Boşanmak evlenmek kadar doğal bir şeydir. Ama gel gör ki bunu insanlara, özellikle erkeklere anlatmak çok zor. Evlenirken her iki tarafın rızası, isteği olduğu gibi, ayrılırken de bu isteğe saygı duyulmalıdır. Boşanmak, aslında zamanında var olan sevgiyi, ilişkiyi geldiği yerde bırakmaktır. Boşanmak, insani bir davranıştır, doğaldır. Boşanmak, karı-koca olamayan iki insanın dost kalmasıdır, ileriki hayatında yeni pencereler açarak mutlu olma çabasıdır.
Zaten arada ilişki ve sevgi kopukluğu varsa, çocuklar için, el-alem için bu evliliği sürdürmenin bir anlamı yok. Bu hayatta herkes kendi hayatına bakar. Doğanın kanunu bu. Çocuklar büyür, el-alem konuşur susar, geriye kalan sen ve yalnızlığın olur ve zaman su gibi akıp gider. Geriye döndüğünde ellerin boşa çıkar.
Aynı çatı altında olmasa da dost ve iki yetişkin insan olarak birey yetiştirmek daha sağlıklıdır.
Evlatlarınızı sağlıklı ortamda büyütün.

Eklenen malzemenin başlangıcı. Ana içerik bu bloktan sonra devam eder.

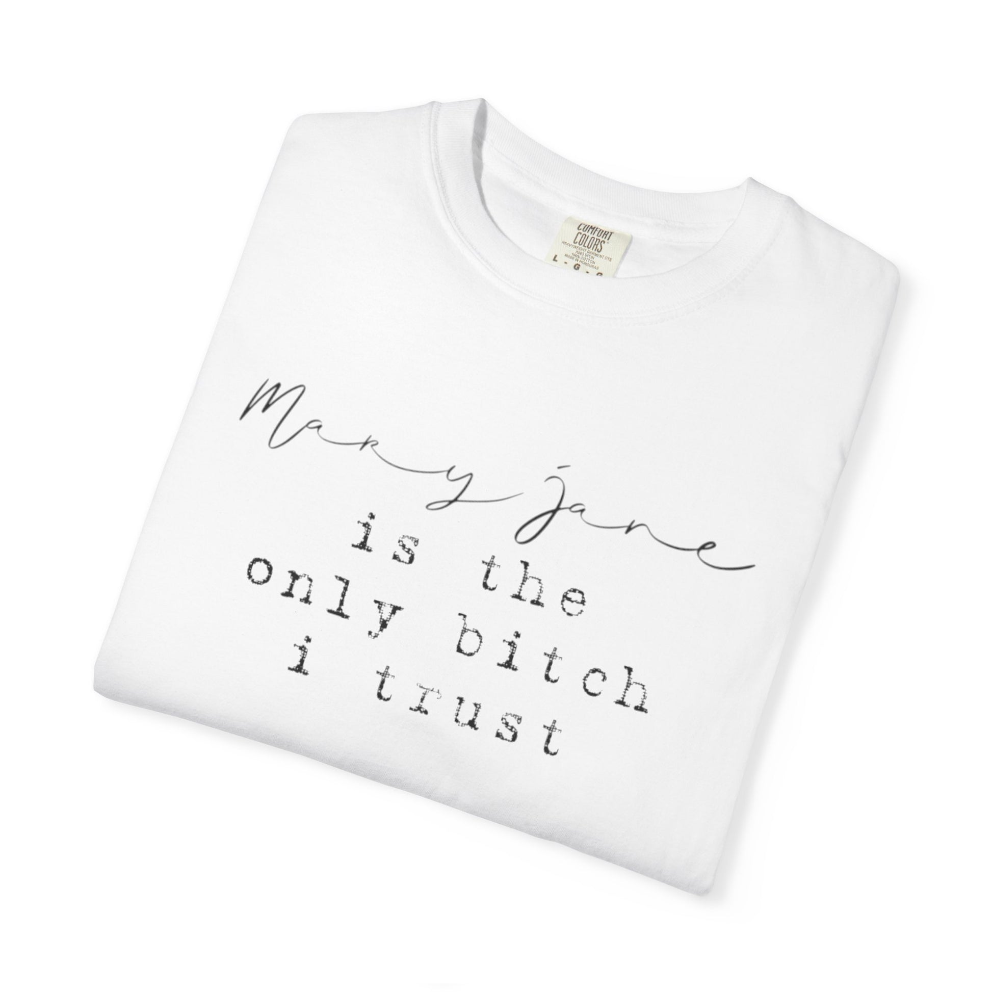 Features: • Unisex garment-dyed tee with a vintage, lived-in feel • 100% ring-spun cotton for softness and durability • Classic fit with relaxed shoulders • Printed front graphic: “Mary Jane is the only bitch I trust” • Available in multiple colors • Made to order
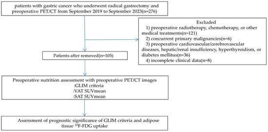 Adipose tissue can be classified into subcutaneous adipose tissue (SAT) and visceral adipose tissue (VAT) based on its anatomical location. Adipocytes contribute to tumor cell invasion and metastasis by secreting adipokines, maintaining an inflammatory state and facilitating angiogenesis [13,14]. 18F-fluorodeoxyglucose positron emission tomography/computed tomography (18F-FDG PET/CT), a noninvasive functional imaging technique, has been widely used in tumor diagnosis, staging, and treatment efficacy evaluation. The 18F-FDG uptake in adipose tissue reflects the glucose metabolism in adipocytes and inflammatory cells infiltrating the tissue; moreover, it can reflect the characteristics of the adipose microenvironment promoting tumor growth and aggressiveness [15,16]. Recent studies have increasingly demonstrated associations between 18F-FDG uptake in the adipose tissue and the clinical staging or prognosis of various malignancies. However, these results are contradictory. The majority of studies indicate that high 18F-FDG uptake in adipose tissue is a risk factor for patient prognosis [15,16,17,18]; however, a few studies have arrived at contrary findings [19]. Systematic investigations of gastric cancer remain scarce. Notably, emerging evidence suggests a strong correlation between preoperative adipose tissue 18F-FDG uptake and nutritional status in patients with gastric cancer [20]; however, the current GLIM nutritional assessment criteria do not incorporate adipose tissue-related parameters. Consequently, integrating adipose tissue 18F-FDG uptake with the GLIM-based nutritional evaluation is expected to enhance the predictive performance of the GLIM criteria and is of significant value for patient prognostic stratification and the formulation of individualized treatment plans.

Büyütün ki onlar da büyüdüğünde birey olarak kendi hayatı ile ilgili kararları vermekten korkmasın, başkalarını değil, kendini düşünmeyi, kendini önemsemeyi bilsin.
Aile, her zaman en sağlıklı yerdir düşüncesi ile kandırmayın evlatlarınızı. Gerçekler bu hayatın içeriği.